HTTPS redirect does not work for crawlers/robots

My domain is:

broadband4europe(dot)com

My web server is (include version):

Apache2

The operating system my web server runs on is (include version):

Ubuntu 20.04

I can login to a root shell on my machine (yes or no, or I don't know):

Yes

I'm using a control panel to manage my site (no, or provide the name and version of the control panel):

No

The version of my client is (e.g. output of certbot --version or certbot-auto --version if you're using Certbot):

0.40.0


Forced redirect when setting up the cert. Works fine for users but robots view the http version. For example Google is indexing some http pages, and Redirect Checker | Check your Statuscode 301 vs 302 (and other tools) show 200 when you give them a http link no matter which user agent is chosen.

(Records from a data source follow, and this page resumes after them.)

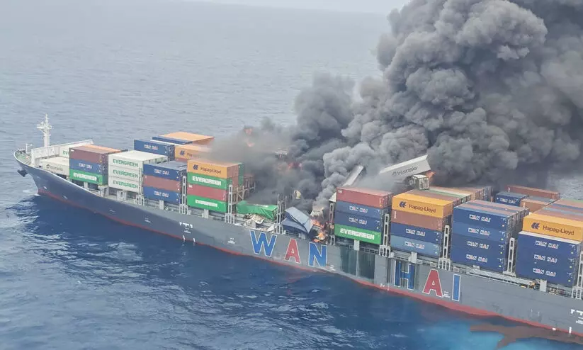 അണയാതെ തീ, കപ്പലിൽ 150ലേറെ കണ്ടെയ്നറുകളിൽ അപകടകരമായ വസ്തുക്കൾ; പരിക്കേറ്റ രണ്ടുപേരുടെ നില ഗുരുതരം
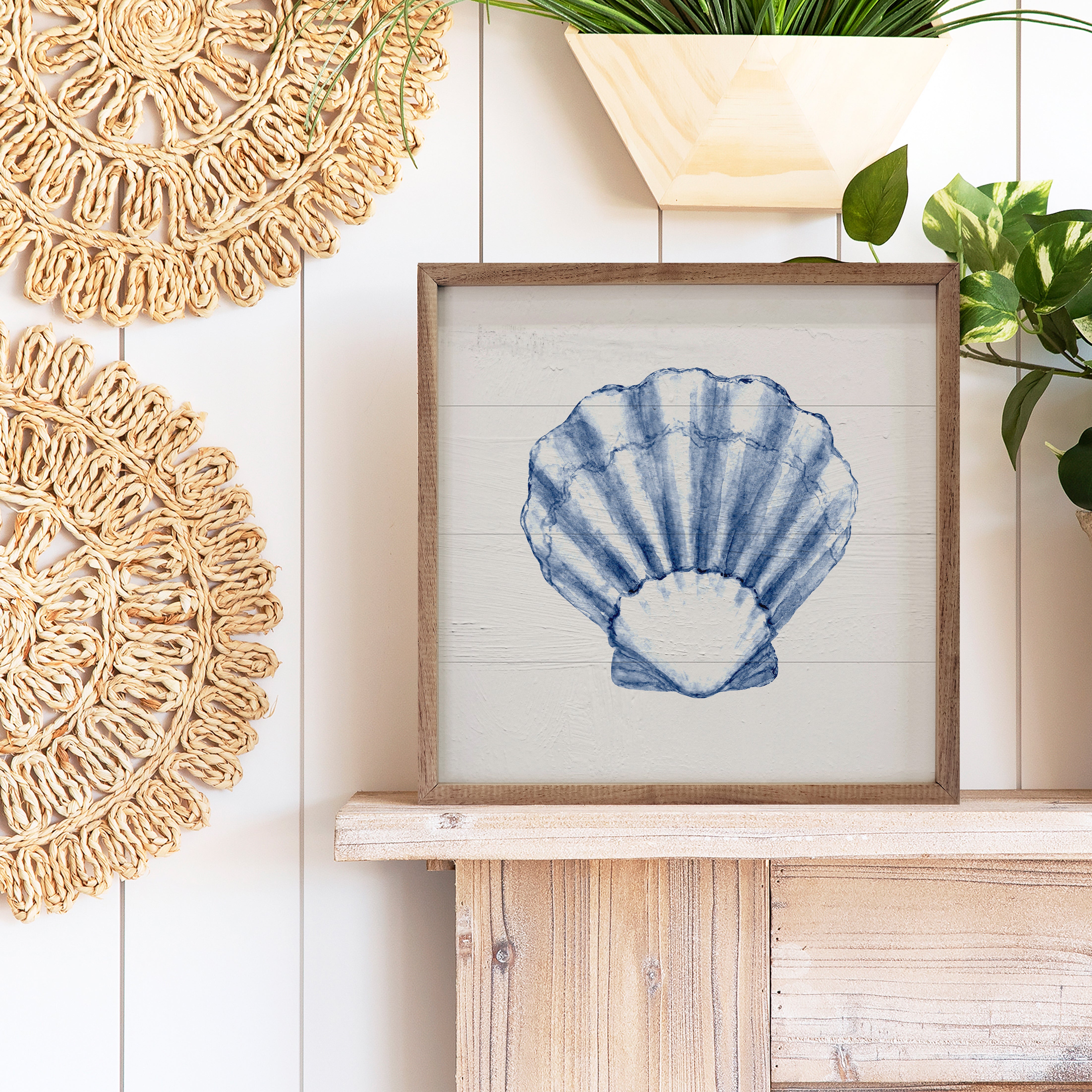 This unique piece is a simple way to bring beauty and charm to any wall or shelf within the home. It is made from high quality American hardwood planks with a hand painted face, and printed with UV cured ink, and is framed in a natural walnut frame. Each piece is unique with its own personality, marks, wood grain, and look. Easy to clean with a dry cloth.
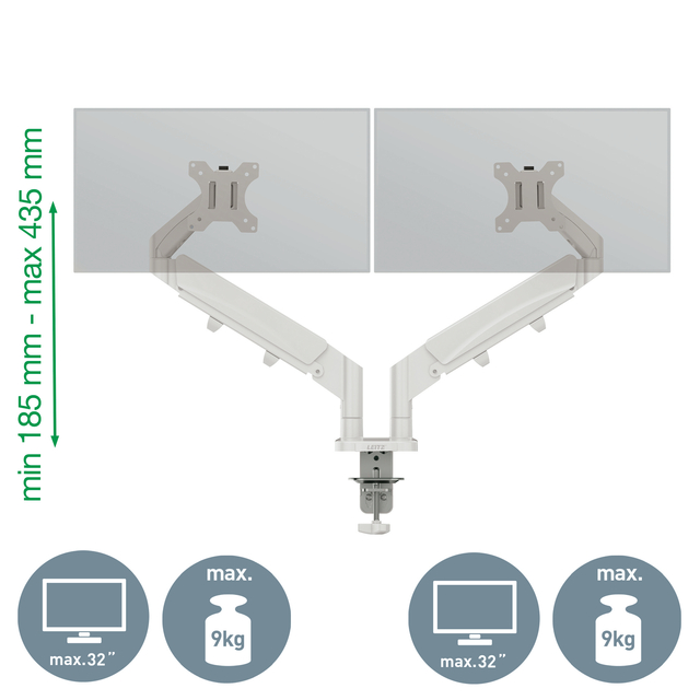 * Dubbele armen met veerondersteuning om de hoogte van de monitor gemakkelijk aan te passen (185mm-435mm).
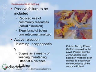 The document discusses various aspects of Asperger syndrome, including its association with a lack of empathy and challenges in social functioning. It highlights findings from a Sheffield survey on bullying, emotional issues, and the high prevalence of mental health concerns among individuals with Asperger syndrome. The content also explores the implications of these social difficulties, including dependence on caregivers, bullying experiences, and the potential for individuals to struggle with identity and interpersonal relationships.
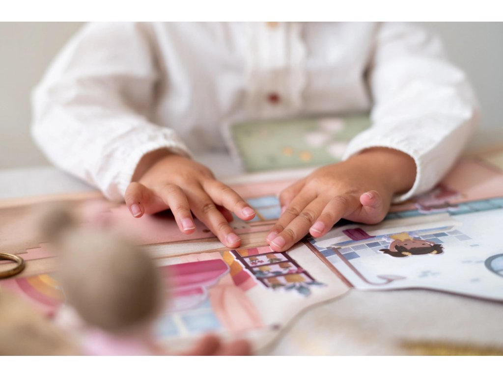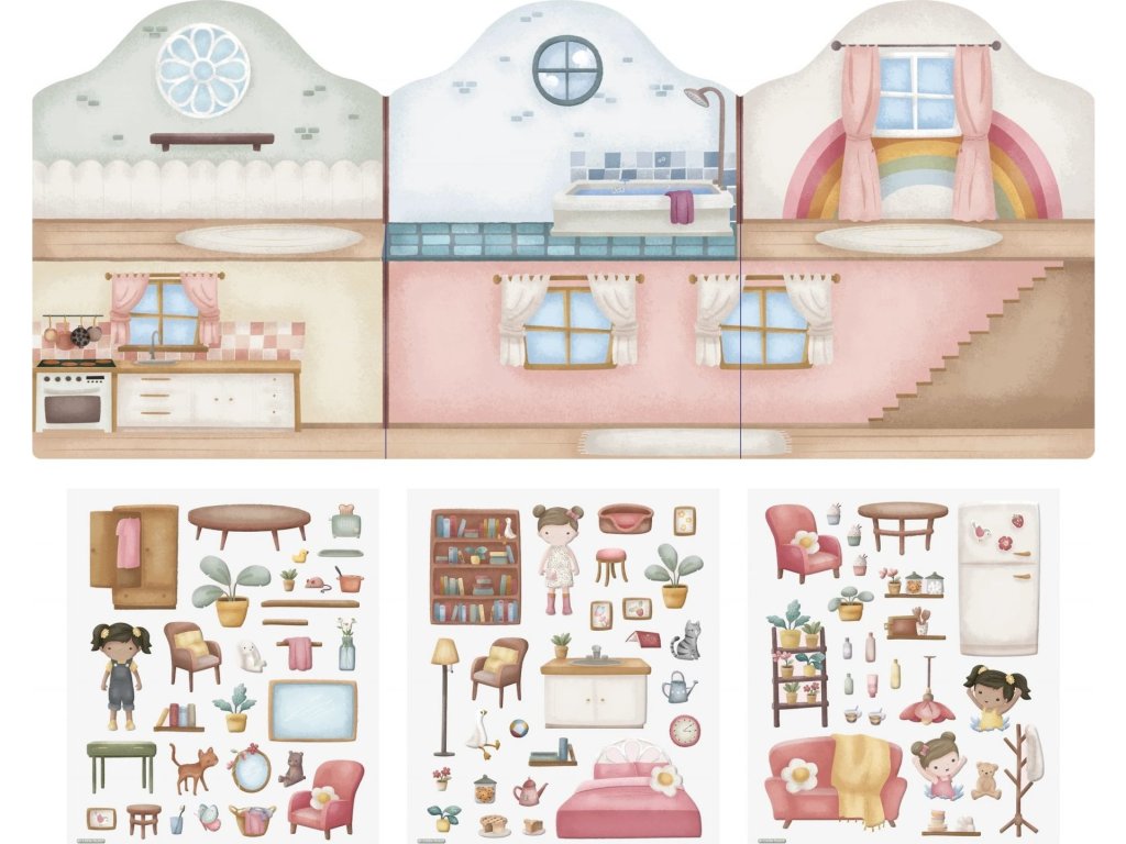 Podpořte dětskou fantazii s touto sadou opakovaně použitelných samolepek Little Dutch. Děti mohou znovu a znovu vyzdobit domeček Rosy více než šedesáti veselými 3D samolepkami a pokaždé vytvořit jiný příběh.

I am using Full SSL in Cloudflare and have also tried Flexible. I have set the site URL as https://www in Wordpress.

sites-available .conf looks like this. If I uncomment lines 20-23 inclusive I get a http > https > http redirect chain.

# Added to mitigate CVE-2017-8295 vulnerability
UseCanonicalName On

<VirtualHost *:80>
        ServerAdmin X
        
        ServerName broadband4europe(d0t)com
        ServerAlias www.broadband4europe(d0t)com
        
        DocumentRoot /var/www/broadband4europe(d0t)com/public_html

        <Directory /var/www/broadband4europe(d0t)com/public_html/>
            Options FollowSymLinks
            AllowOverride All
            Require all granted
        </Directory>

        ErrorLog ${APACHE_LOG_DIR}/error.log
        CustomLog ${APACHE_LOG_DIR}/access.log combined
#RewriteEngine on
#RewriteCond %{SERVER_NAME} =broadband4europe(d0t)com [OR]
#RewriteCond %{SERVER_NAME} =www.broadband4europe(d0t)com
#RewriteRule ^ https://%{SERVER_NAME}%{REQUEST_URI} [END,NE,R=permanent]
</VirtualHost>

I have other sites running on this server with no issues.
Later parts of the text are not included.